Rules of the Audit Committee

Article 1 (Objective)

These Rules provide for matters related to the Audit Committee of Eisai Co., Ltd.

Article 2 (Authority)

  1. 1.In addition to audit of the execution of the duties by the Directors and the Corporate Officers and the preparation of audit reports as well as the determination of proposals related to the election, dismissal, and non-reappointment of External Auditors to be submitted to a General Meeting of Shareholders, the Audit Committee shall have the authority to perform the duties provided by law and the Articles of Incorporation, or otherwise resolved by the Board of Directors. Matters to be resolved by the Audit Committee shall be as set out in the Detailed Rules of the Audit Committee, except as otherwise provided by law or the Articles of Incorporation.
  2. 2.The Audit Committee may, at any time, request from the officers and employees of the Company and the ENW Entities, and the Accounting Auditor of the Company, reports regarding matters necessary for executing its duties. Matters to be reported to the Audit Committee shall be as set out in the Detailed Rules of the Audit Committee, except as otherwise provided by law or the Articles of Incorporation.
  3. 3.The Audit Committee may perform such duties as deemed necessary by the Audit Committee at the Company's expense.

Article 3 (Composition)

  1. 1.The Audit Committee shall be composed of Directors appointed by the Board of Directors (hereinafter called “Audit Committee Members”).
  2. 2.The Chair of the Audit Committee shall be appointed from the Outside Directors by the Board of Directors.

Article 4 (Convocation)

  1. 1.Audit Committee meetings shall be convened in principle by the Chair of the Audit Committee; provided however that any other Audit Committee Member may convene Audit Committee meetings whenever necessary.
  2. 2.Notices of convocation of Audit Committee meetings shall be dispatched to each Audit Committee Member at least three (3) days prior to the date of the meeting, stating the date and time, place, and agenda of the meeting. Such period of notice may, however, be shortened in case of urgency.
  3. 3.Audit Committee meetings may be held without conforming to the convocation procedures provided in the preceding paragraph with the unanimous consent of the Audit Committee Members.

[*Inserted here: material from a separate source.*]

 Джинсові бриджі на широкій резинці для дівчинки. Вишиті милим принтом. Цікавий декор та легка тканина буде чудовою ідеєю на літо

Article 5 (Holding of meetings)

  1. 1.Audit Committee meetings shall be held in principle once a month.
  2. 2.Audit Committee meetings shall be held at the head office; provided however that a meeting may be held at some other place whenever necessary.
  3. 3.Audit Committee meetings shall be held in the Japanese language. Interpreter(s) may be caused to be present at a meeting whenever necessary.

Article 6 (Chair)

Audit Committee meetings shall be presided over by the Chair of the Audit Committee. In case the Chair is prevented from so doing, another Audit Committee Member shall act in the Chair's place in accordance with the order previously determined by the Audit Committee.

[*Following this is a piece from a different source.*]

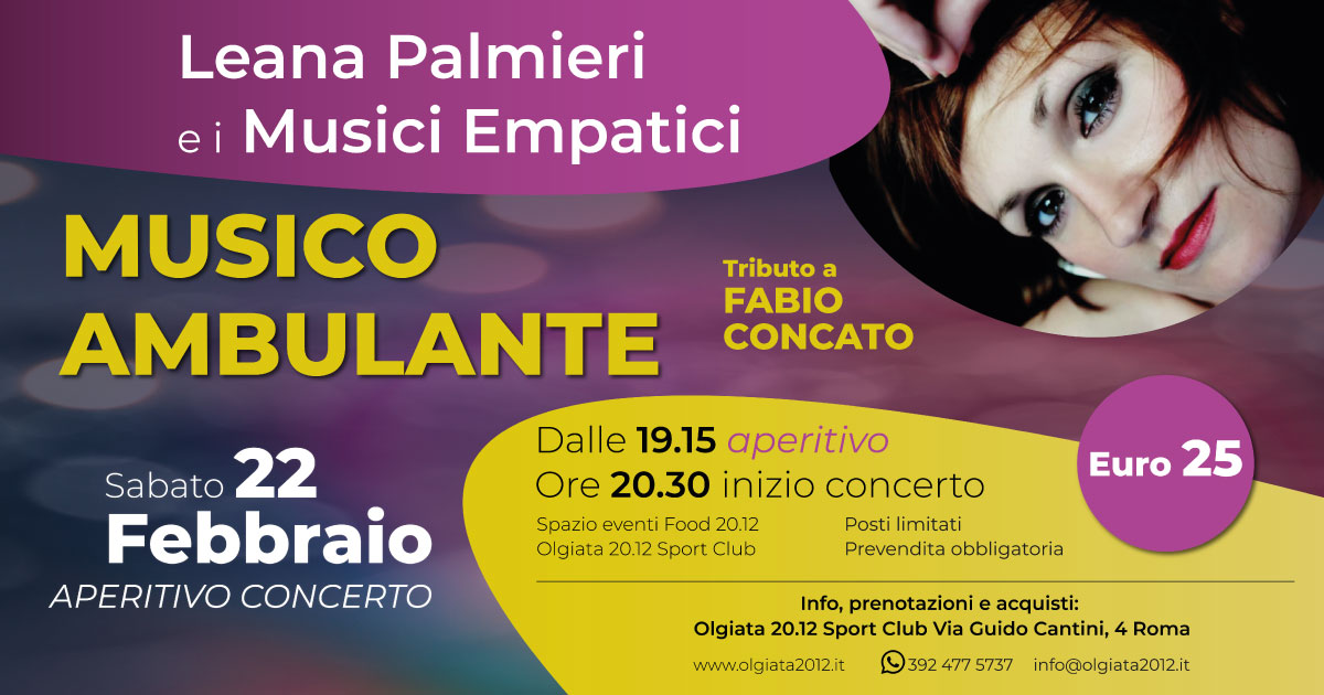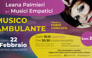 ANNULLATO: Leana Palmieri e i Musici Empatici in “MUSICO AMBULANTE” aperitivo concerto Sabato 22 Febbraio evento speciale all'Olgiata 20.12 Sport Club. Presso lo Spazio Eventi Food 20.12, all'interno del centro sportivo, si svolgerà l'aperitivo concerto con protagonista Leana Palmieri, attrice, regista, cantante e formatrice, coadiuvata dai Musici Empatici. Il Musico Ambulante sarà l'occasione per [...]

Article 7 (Methods of adopting resolutions)

  1. 1.Resolutions of the Audit Committee, except as otherwise provided by law, shall be adopted by a majority of Audit Committee Members present at each Audit Committee meeting where a majority of the Audit Committee Members who may participate in considering the resolution is present.
  2. 2.An Audit Committee Member who has a special interest with regard to a resolution of the Audit Committee shall not exercise any voting rights with respect to that resolution. In such case, that Audit Committee Member's voting rights shall not be counted towards the total number of the Audit Committee Members' voting rights for that resolution.

Article 8 (Reporting to the Board of Directors)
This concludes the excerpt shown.